**Problem details**
Word for word, retype the lines from the one containing "нельзя списывать баллы" to the one containing "Waipoua Forest is" below, keeping both end lines and dropping the pictures.

**Records provided**
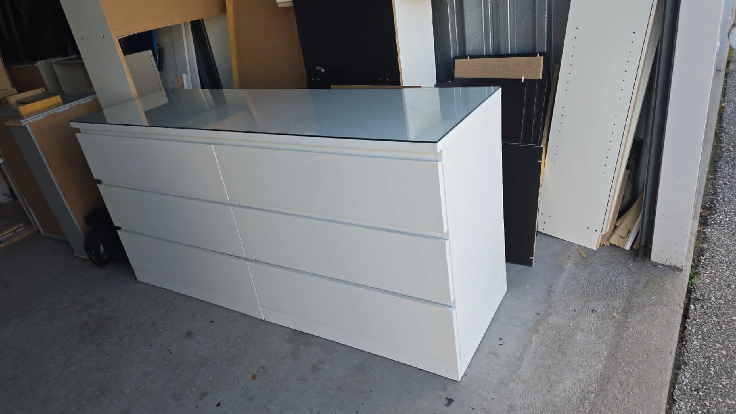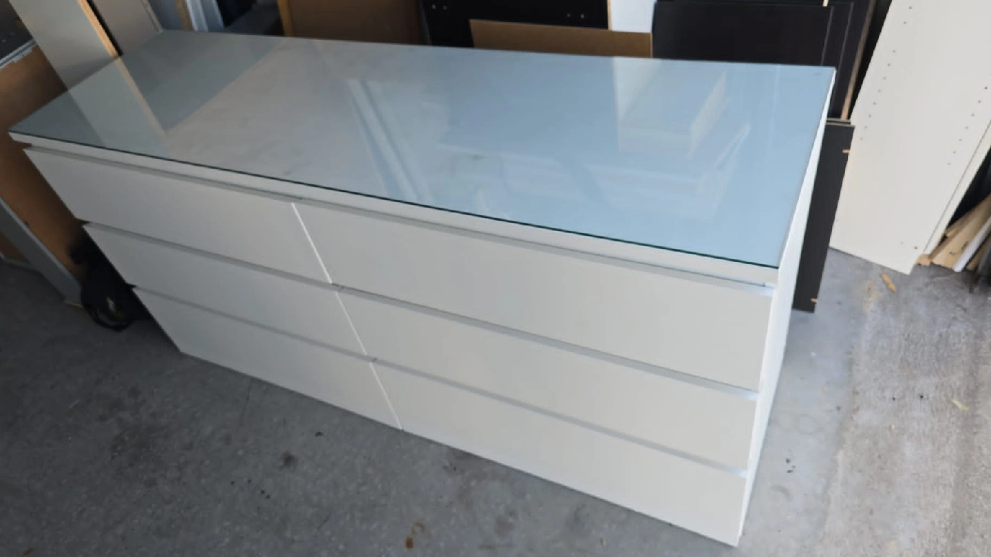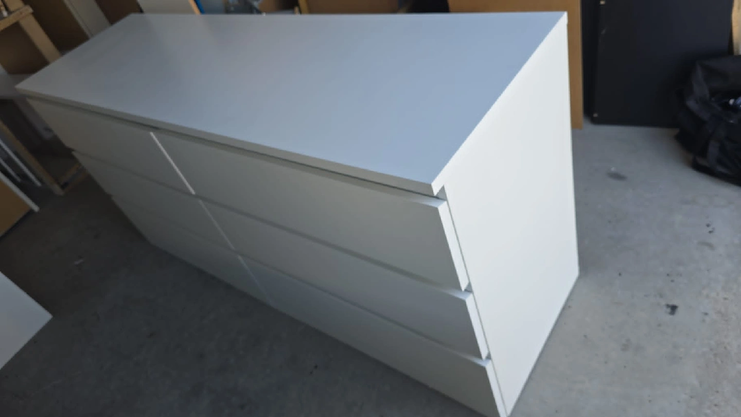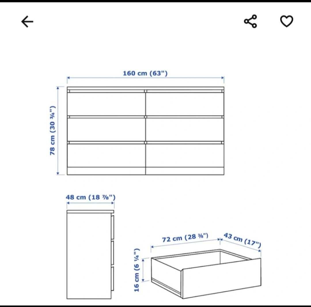 Selling a white IKEA Malm dresser with 6 drawers! It's in great shape and ready for a new home. The dimensions are approximately 160 cm (63") wide, 78 cm (30 3/4") tall, and 48 cm (18 7/8") deep. Perfect for adding lots of storage space to any room
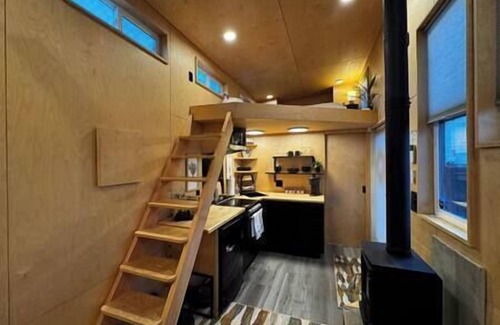 a design enthusiasts tiny home Tiny Oasis exemplifies the tiny home experience with unique materials and an open layout. Designed to be spacious enough for 2 people but cozy enough to evokes a sense of calm serenity.
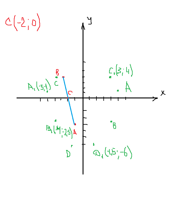 Постройте отрезок AB по координатам его концов и найдите координаты точки, в которой он пересекает ось x:
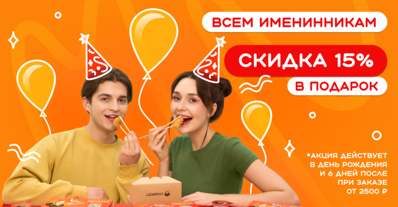 • На заказ со скидкой 15% в день рождения нельзя списывать баллы
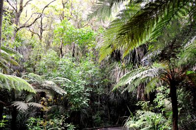 Waipoua Forest is a protected woodland covering 1,500 hectares where massive kauri trees grow among ferns and dense vegetation. The forest contains multiple walking trails that wind through ancient groves, revealing the different layers and inhabitants of this ecosystem.
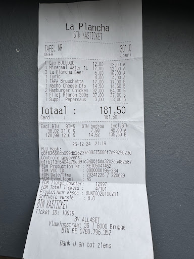 Read moreNa drukke weken uitkijken naar een gezellige avond ... Helaas... We bestelden een aperitief met tapas mix ..we gn gezellig aperitieven .. Na bestelling kregen we ruim na 20 min onze aperitief..ondertussen na enige tijd half leeg en hadden we nog steeds ons tapas mix niet ..uiteindelijk kregen we de hoofdmaaltijd mijn man vroeg de tomahawk 875 gr stond er op de kaart maar ook dit was een teleurstelling en een goed stuk vlees kreeg hij redelijk doorbakken en zeker geen 875 gr ..uitgebakken . Ik bestelde de steengrill vis .. Wou ik eraan beginnen was de steen koud en kon het grillen niet starten .. Dan maar opnieuw de hand in de lucht en hopen dat ze het zagen ..want controle over de zaak hadden ze niet .. Normaal word er dan ook gevraagd wenst u nog iets te drinken ..helaas Gelukkig hadden we een fles water besteld bij de aperitief ..ondertussen bleven de aperitief glazen staan echt wanorde ..en dan bij gamba's denk je iets om de handen te reinigen helaas .. Vlug even nr toilet dan waar je dan 2 personeelsleden ziet een babbeltje slaan ..de andere aan de tafel een glas wijn ziet drinken bij vrienden en verschillende klanten zaten te wachten achter drank / maaltijd .. Enof het nog niet genoeg was zetten ze de voordeur van de zaak open ..niks zo ongezellig bij een regenachtig / winderig dag als 20 /04 als je weet dat de deur in de zaak uitkomt en zelfs mensen errond terug de jas aantrokken maar ze hadden het warm in de keuken .. Klant is koning was hier geen enkel moment aanwezig ..iedereen was aan het klagen en maakte duidelijk 1 maal nooit meer .. Ook redelijk duur voor wat het is ! En denk ook eens aan een zout/pepervat op tafel geen luxe een must ! Er is werk aan de winkel ! Doe er iets mee ..niks zo onaangenaam of dit meemaken ! We spreken hier niet over Damme maar La plancha centrum Brugge !
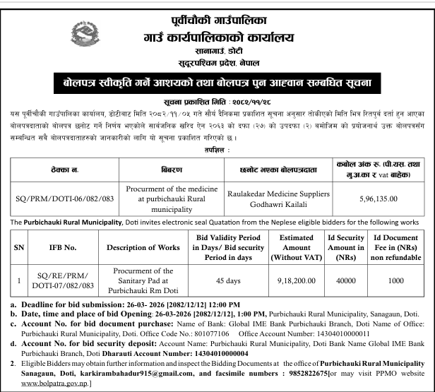 बोलपत्र स्वीकृति गर्ने आशयको तथा बोलपत्र आहवान सम्बन्धी सूचना ।।
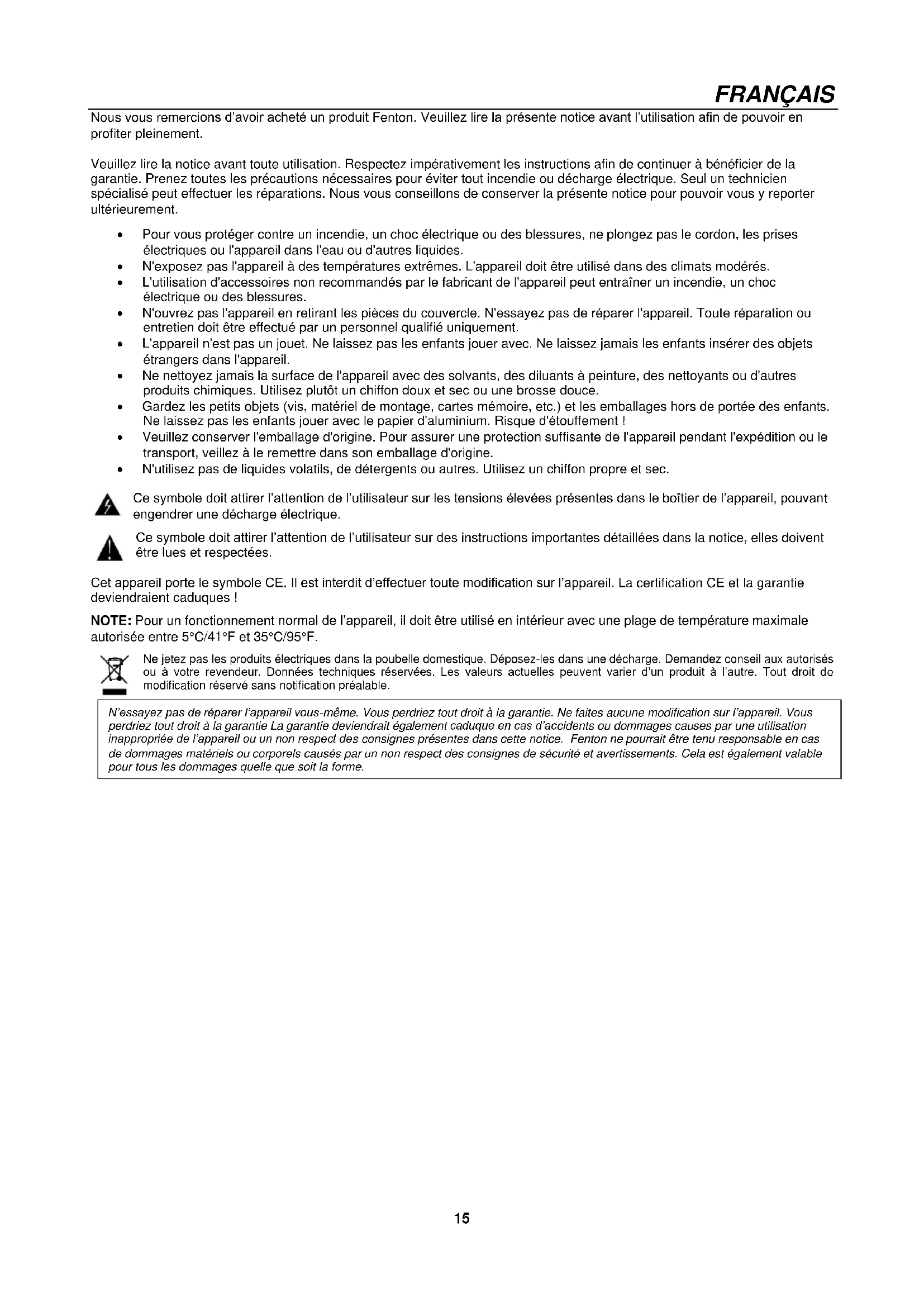Utilice un cable de carga USB apropiado (no incluido), conecte un extremo al dispositivo y el otro al puerto de carga USB de la unidad. Asegúrese de que la unidad esté enchufada a la toma de corriente. TALK OVER Cuando hable o cante sobre la música, seguramente querrá atenuar la música. El altavoz del karaoke de SBS hace esto por ti automáticamente. La sensibilidad puede ser controlada por el control de "Talk Over".15 FRANÇAIS Nous vous remercions d’avoir acheté un produit Fenton. Veuillez lire la présente notice avant l’utilisation afin de pouvoir en profiter pleinement. Veuillez lire la notice avant toute utilisation. Respectez impérativement les instructions afin de continuer à bénéficier de la garantie. Prenez toutes les précautions nécessaires pour éviter tout incendie ou décharge électrique. Seul un technicien spécialisé peut effectuer les réparations. Nous vous conseillons de conserver la présente notice pour pouvoir vous y reporter ultérieurement.

**Completed task**
 • На заказ со скидкой 15% в день рождения нельзя списывать баллы
 Waipoua Forest is a protected woodland covering 1,500 hectares where massive kauri trees grow among ferns and dense vegetation. The forest contains multiple walking trails that wind through ancient groves, revealing the different layers and inhabitants of this ecosystem.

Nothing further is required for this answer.